Es trifft zwar zu, dass Art. 8 EMRK die Existenz einer Familie voraussetzt – was hier offensichtlich nicht der Fall ist, da die Bf. weder mit ihren Adoptivtöchtern zusammengelebt noch – vor oder nach dem Ergehen der Adoptionsentscheidungen – eine De-facto-Beziehung zu ihnen entwickelt haben. Andererseits hat der GH etwa im Fall Nylund/FIN (Anm.: ZE v. 29.6.1999, Bsw. 27110/95) festgestellt, dass der durch Art. 8 EMRK garantierte Schutz sich auch auf die lediglich potentielle Beziehung zwischen dem leiblichen Vater und seinem unehelichen Kind erstrecken kann, im Fall Abdulaziz, Cabales und Balkandali/GB hat er die Anwendbarkeit von Art. 8 EMRK ungeachtet der Tatsache bejaht, dass ein Familienleben zwischen den Eheleuten noch nicht ausreichend etabliert war.

Zwar ist erwiesen, dass von Florentina und Mariana keine Einwilligung in die Adoption eingeholt wurde.
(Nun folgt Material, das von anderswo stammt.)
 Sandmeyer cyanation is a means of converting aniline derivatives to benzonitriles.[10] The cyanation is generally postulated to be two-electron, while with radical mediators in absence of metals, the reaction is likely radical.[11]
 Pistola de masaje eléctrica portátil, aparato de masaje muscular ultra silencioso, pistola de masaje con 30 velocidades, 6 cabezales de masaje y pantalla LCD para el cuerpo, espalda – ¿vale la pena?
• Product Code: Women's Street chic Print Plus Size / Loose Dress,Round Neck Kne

Der GH sieht dies jedoch nicht als problematisch an. Beide Mädchen waren zum maßgeblichen Zeitpunkt neuneinhalb Jahre alt und hatten somit noch nicht ein Alter erreicht, bei dem eine Einwilligung in die Adoption seitens des Kindes Voraussetzung für deren Gültigkeit ist. (Anm.: Das rumänische Recht sieht eine solche Einwilligung ab dem zehnten Lebensjahr vor.) Letztlich kann die Tatsache, dass seitens der Bf. von einem voll entwickelten Familienleben mit ihren Adoptivtöchtern noch nicht die Rede sein kann, nicht zu deren Nachteil ausschlagen, da sie zu keiner Zeit die Möglichkeit hatten, vorherige Kontakte mit ihren Adoptivtöchtern aufzunehmen, die sie überdies nur anhand von Fotografien kannten. Art. 8 EMRK ist somit auf das Verhältnis zwischen den Bf. und ihren Adoptivtöchtern anwendbar (5:2 Stimmen, Sondervotum von Richterin Thomassen, gefolgt von Richter Jungwiert).
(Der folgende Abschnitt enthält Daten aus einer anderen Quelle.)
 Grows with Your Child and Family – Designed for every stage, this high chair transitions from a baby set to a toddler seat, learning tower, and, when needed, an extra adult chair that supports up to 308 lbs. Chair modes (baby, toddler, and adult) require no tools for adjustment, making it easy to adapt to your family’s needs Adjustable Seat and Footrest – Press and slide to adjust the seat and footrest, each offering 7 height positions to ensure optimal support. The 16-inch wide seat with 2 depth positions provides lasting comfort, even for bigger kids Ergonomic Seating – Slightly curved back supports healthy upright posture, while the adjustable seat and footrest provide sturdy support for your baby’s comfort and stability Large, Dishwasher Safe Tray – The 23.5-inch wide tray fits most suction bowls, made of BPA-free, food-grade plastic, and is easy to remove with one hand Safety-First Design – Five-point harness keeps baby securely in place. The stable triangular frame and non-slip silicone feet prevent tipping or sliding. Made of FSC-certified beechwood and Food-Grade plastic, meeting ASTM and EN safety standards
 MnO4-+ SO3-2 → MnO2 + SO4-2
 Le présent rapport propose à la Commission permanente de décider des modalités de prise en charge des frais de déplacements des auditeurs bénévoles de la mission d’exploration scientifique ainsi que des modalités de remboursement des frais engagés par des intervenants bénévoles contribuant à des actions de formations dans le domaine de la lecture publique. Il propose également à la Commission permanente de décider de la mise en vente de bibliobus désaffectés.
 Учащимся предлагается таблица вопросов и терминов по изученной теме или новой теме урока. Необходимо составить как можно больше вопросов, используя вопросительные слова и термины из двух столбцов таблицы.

Zur behaupteten Verletzung von Art. 8 EMRK:

Die entscheidende Frage lautet, ob die nationalen Behörden im vorliegenden Fall alle notwendigen Maßnahmen gesetzt haben, um den Bf. das Eingehen von familiären Beziehungen mit ihren Adoptivtöchtern zu ermöglichen.

Wie die Reg. zutreffend darlegt, liegt ein Interessenkonflikt zwischen den Bf. auf der einen Seite und Florentina und Mariana auf der anderen Seite vor. Aus Sicht der letzteren besteht kein Grund, gegen ihren Willen emotionale Bindungen mit den Bf. einzugehen, zu denen sie keinerlei verwandtschaftliche Beziehung haben und die sie außerdem als Fremde wahrnehmen. Beide Minderjährigen haben es vorgezogen, in der familiären Umgebung des EZPS zu bleiben, wo sie aufgewachsen sind, sich vollständig integriert fühlen und das in der Lage ist, ihre physische, emotionale und soziale Entwicklung weit mehr zu fördern als in einer fremden Umgebung.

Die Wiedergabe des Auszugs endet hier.